Find scientific names in plain texts, PDF files, MS documents etc.

GNfinder is a program for finding scientific names in texts. GNfinder exists for several years now and is responsible for creation of name indices for Biodiversity Heritage Library (BHL) and HathiTrust Digital Library. The program is fast enough to process 5 million pages of BHL in just a couple of hours.

The new GNfinder v0.14.1 can find names not only in plain UTF8-encoded texts, but also in a large variety of files including PDF, MS Word, MS Excel, and images. In this blog post we describe how it can be used.

GNfinder code follows Semantic Versioning practices. So users need to be aware that for versions 0.x.x backward incompatible changes might happen.

Summary

GNfinder is a command line application, that can also be used as a RESTful service. In the near future it will also have a web-based user interface and will run at https://finder.globalnames.org

The program uses heuristic and Natural Language Processing (NLP) algorithms for name finding.

Performance

For a test we used 4MB PDF file that contains ~2000 unique names. These names are mentioned in text ~13000 times.

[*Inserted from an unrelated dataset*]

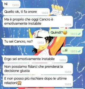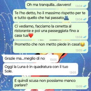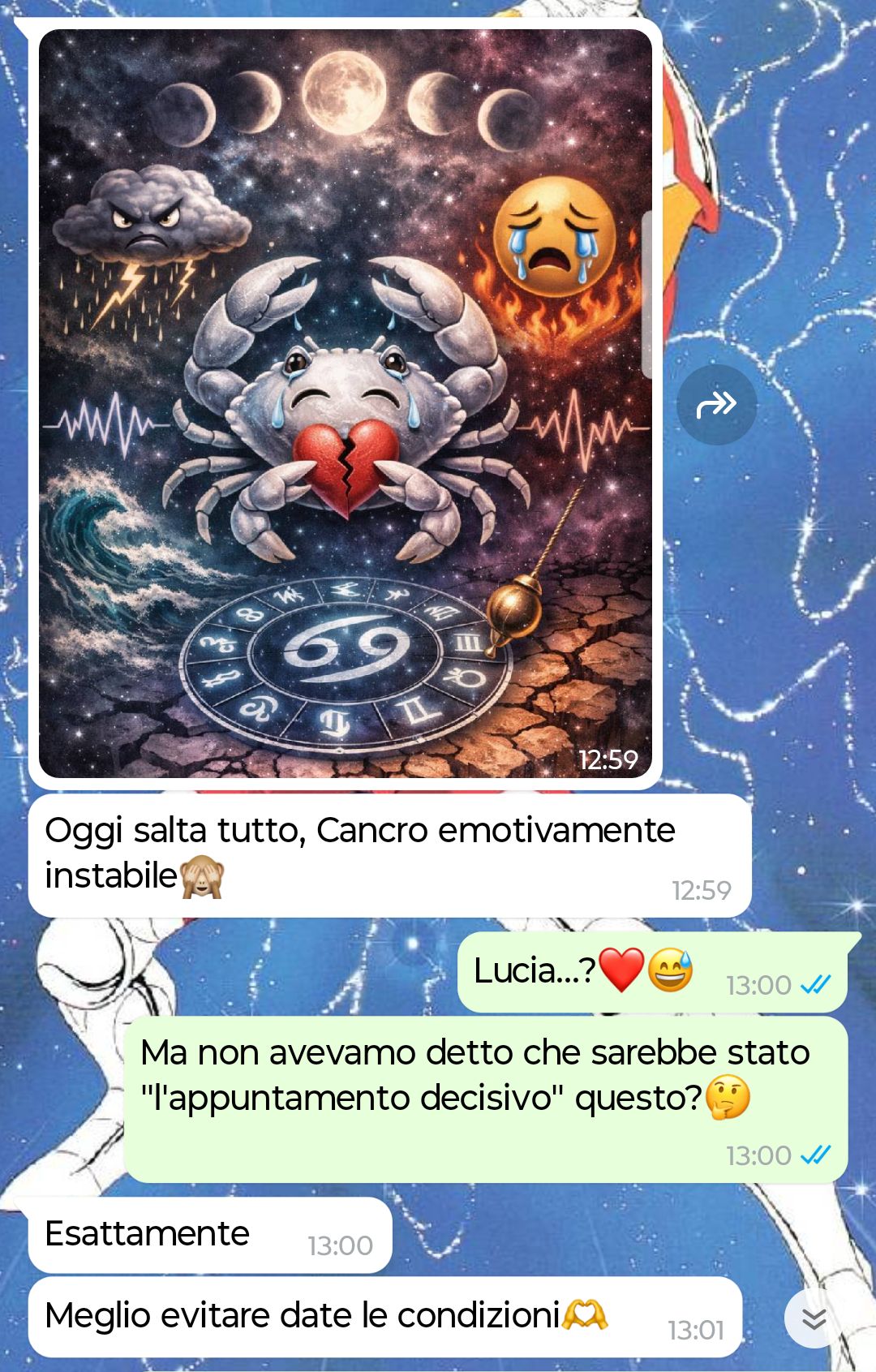 Quando mi ha scritto che non potevamo vederci, pensavo fosse successo qualcosa di serio. Lavoro, famiglia, problemi veri. Invece no. Il problema ero io. O meglio, il mio segno zodiacale. Secondo lei, quel giorno i Cancro erano emotivamente instabili e potevano prendere decisioni sbagliate. Non solo con lei, ma in generale. Per questo non voleva vedermi. E non voleva nemmeno che uscissi con i miei amici, perché avrei potuto farmi trascinare “dall’energia sbagliata” e finire tra le braccia di qualche Scorpione.

Time for conversion to UTF8-encoded plain text: 2.5 sec

Time for name-finding: 0.4 sec

Time for name-verification of 2000 uniquely found names: 2.5 sec

Installation

The program consists of one stand-alone file, so it is easy to install. The binaries for MS WIndows, Mac OS or Linux can be downloaded from GitHub. In addition GNfinder can be installed using a Homebrew package manager with the following terminal commands:

brew tap gnames/gn
brew install gnfinder

For more detailed installation instructions see the documentation on GitHub.

Usages

GNfinder is a command line application. It requires an internet connection for converting files to UTF8-encoded text and for name-verification.

To get help use:

gnfinder -h

To get names from a UTF8-encoded text file (with -U flag no internet connection is required):

gnfinder -U file-with-names.txt

To get names from any other kind of file:

gnfinder file.pdf

To find names, to verify them and to output results in JSON format:

gnfinder file.pdf -v -f pretty > file-names.csv

To convert PDF file into text:

gnfinder -I file.pdf > file.txt

Tutorial

I wrote a tutorial how to exctract scientific names in parallel from a large number of PDF files.

For more information read the documentation on GitHub.

RESTful (API)

You can run GNfinder as a RESTful API service as well. For now API can work only with UTF-8 encoded texts, but other file formats will be available via API as well after completion of a web-based user interface.